Galeno, era ela a mais intolerante em relação a quem vacilasse ou duvidasse do treino.

O inverno tornou-se mais rigoroso. Estava frio e escuro no topo da torre, com exceção da

luz que vinha da escadaria. Era o lugar mais isolado do mundo, e Galeno era o seu deus. Ele

nos moldou em uma unidade. Acreditamos ser uma elite, superiores e privilegiados por

sermos instruídos no Talento. Mesmo eu, que suportava humilhação e espancamentos,

acreditava que era assim. Aqueles que ele destruiu eram desprezados por nós. Víamos apenas

uns aos outros durante esse tempo, e ouvíamos apenas Galeno. No começo, senti saudades de

Breu. Tentei imaginar o que Bronco e Paciência estariam fazendo. Mas, à medida que os

meses passavam, essas ocupações menores deixaram de parecer interessantes. Até mesmo o

Bobo e Ferreirinho se tornaram quase distrações incômodas para mim, tão obsessivamente eu

tentava obter a aprovação de Galeno. O Bobo ia e vinha silenciosamente. Mas havia

momentos em que eu estava mais cansado e dolorido do que o normal, em que o toque do

focinho de Ferreirinho no meu rosto era o único conforto que me restava; e havia momentos

em que me sentia envergonhado do pouco tempo que dedicava ao meu cãozinho em

crescimento.

Depois de três meses de frio e crueldade, Galeno tinha nos reduzido a oito candidatos. O

verdadeiro treino finalmente começou, e também nessa ocasião ele nos devolveu um pouco de

conforto e dignidade. O que recebemos nos pareceu então não apenas um rol de grandes luxos,

mas uma dádiva de Galeno pela qual devíamos ser agradecidos. Um pouco de fruta seca com

as refeições, permissão para usar sapatos, breves conversas toleradas à mesa – era tudo, mas

rastejávamos de gratidão por causa disso. Porém, as mudanças estavam apenas começando.

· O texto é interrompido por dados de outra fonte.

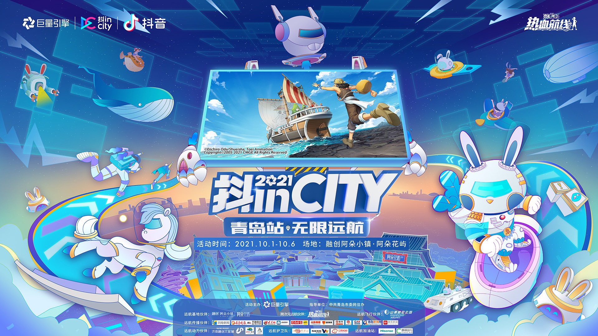 2021“抖inCity城市美好生活节青岛站·无限远航”来了!今年“抖inCity青岛站·无限远航”携手《航海王热血航线》,邀请明星、达人、玩家、游客一起乘风破浪!“抖inCity”作为近年来深受年轻人喜爱的城市活动,拥有着无可比拟的独特魅力。本次活动将于9月24日-10月7日,在山东青岛落地。活动主题为“无限远航”,意喻从今年开始在星辰大海中无限远航。

Tudo volta à minha memória como vislumbres de cristal. Lembro-me da primeira vez que

ele me tocou com o Talento. Estávamos no topo da torre, ainda mais espalhados do que antes,

agora que éramos em menor número.

Ele foi passando por nós, ficando um momento diante de cada um, enquanto os demais

esperavam em silêncio reverente.

– Preparem as mentes para o toque. Estejam abertos para ele, mas não se rendam ao prazer

que advém dele. O propósito do Talento não é o prazer.